INTERFACE SMap;
(* 
   This interface defines the structure of and operations on spherical
   maps. The elements composing a spherical map are:
   
       - a Vertex is a C-point on the sphere and can be either an 
         isolated vertex or a vertex adjacent to an edge. 
         
       - an Edge can be either an entire scircle (an oval) or an arc of
         scircle bounded by two vertices (an origin and a
         destination).  In this case, the edge is defined as the arc
         of circle from origin to destination in the positive
         direction of the scircle.
         
       - a Face is a spherical surface region whose boundary consists
         of a set of borders. Each border is either an isolated vertex
         or a (connected) circular alternate sequence of incident
         edges and vertices (both adjacent to that face).
         
   We will represent a map as a reference to one of its face.         
         
   Created in May 14, 1997 by Marcus Vinicius A. Andrade
   Lasted edited in Sep. 18, 1997 by Marcus Vinicius A. Andrade.     
*)


FROM SMGeo IMPORT Point, Circle;
FROM SMC IMPORT Map, Face, Corner; 

EXCEPTION ValidationError(TEXT);

TYPE 
  InterPoint        <: REFANY;
  ListOfInterPoints <: REFANY;
  
  (* ======== the OBJECT map ======== *)
  T <: PublicMap;
  PublicMap = Map OBJECT 
  METHODS
    init() : T;
    makeVertex(p: Point) : Corner RAISES ANY;
    delIsolatedVertex(v: Corner) RAISES {ValidationError};
    makeEdge(c: Circle; p: Point:=NIL; q: Point:=NIL) : Corner RAISES ANY;
    delEdge(e: Corner);
    pointLocation(p: Point) : REFANY RAISES ANY;
    whereTo(v: Corner; c: Circle; VAR e: Corner): REFANY RAISES ANY;
    whichEdge(v: Corner; c: Circle): Corner RAISES ANY;
    intersectEdgeAndElement(e: Corner; AlsoBreak: BOOLEAN;
                       elem: REFANY; startingface:Face:=NIL) : ListOfInterPoints RAISES ANY; 
    numerate() RAISES ANY;
    read(name: TEXT) RAISES ANY;
    write(name: TEXT; comment: TEXT) RAISES ANY;
    draw(name: TEXT) RAISES ANY;
  END; 

PROCEDURE Overlay(filename1,filename2 : TEXT) : T RAISES ANY;
  (* 
     Reads files "filename1" and "filename2" an returns the map corresponding to 
     the overlay of the maps *)
   

(* ---------------------------------------------------------------- *)
(*                    Methods of the type Map.T                     *)
(* ---------------------------------------------------------------- *)
(*
  init();
    Creates an empty map, that is, a map composed by just one
    face consisting of the whole spherical surface.  

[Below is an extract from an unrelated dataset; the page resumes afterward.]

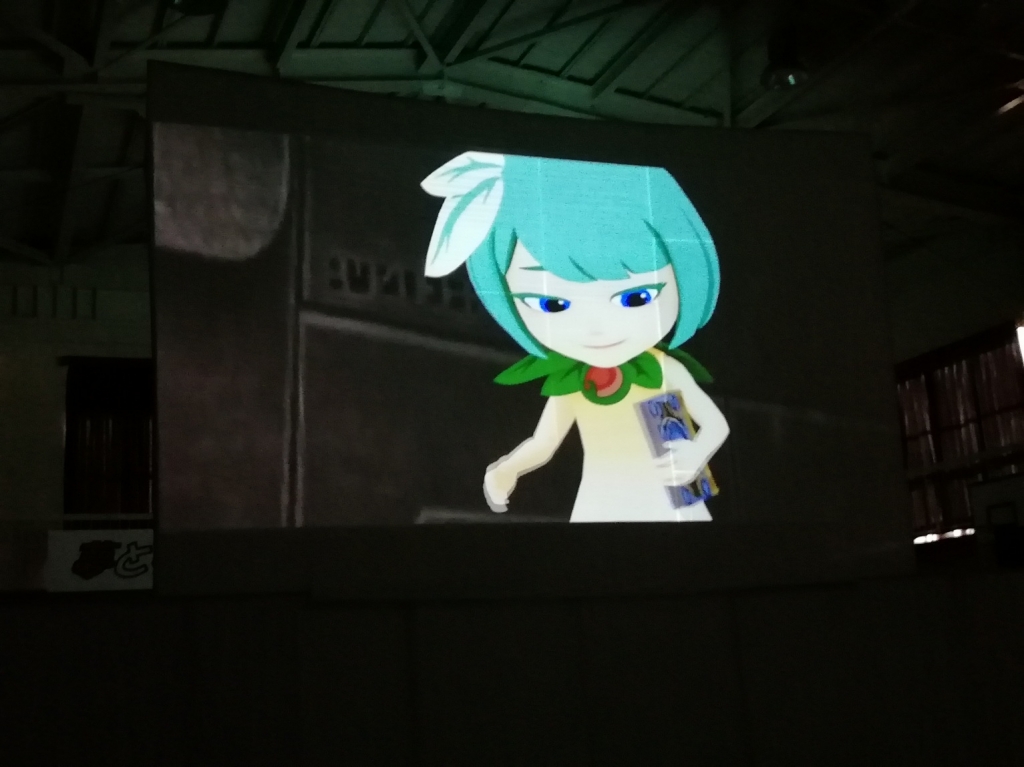 プロジェクション・マッピングを用いた迫力ある演出あり、映像から飛び出してきた役者のみなさまの素晴らしい歌声や楽しいやりとりで笑いありで、約1時間の劇に子どもたちはくぎ付けとなりました。 またご家庭でもお話を聞いてあげてください。

  makeVertex(p: Point) : Corner;
    Creates a vertex with geometry "p" on the map "m".  Firstly,
    locates "p" on the map. If "p" lies on a face "f" then creates an
    isolated vertex on "f". The creation of an isolated vertex implies
    the creation of a new border on the face "f". In this case,
    returns the corner representing the isolated vertex created.
    On the other hand, if "p" lies on an edge "e" then splits "e" and 
    creates two new edges in the map. Returns the corner
    corresponding to the (new) edge in a same direction to the
    original edge "e".  
   
  delIsolatedVertex(v: Corner);
    Deletes the isolated vertex "v". Also, eliminates the border
    corresponding to this vertex.  (---- Not implemented yet ----)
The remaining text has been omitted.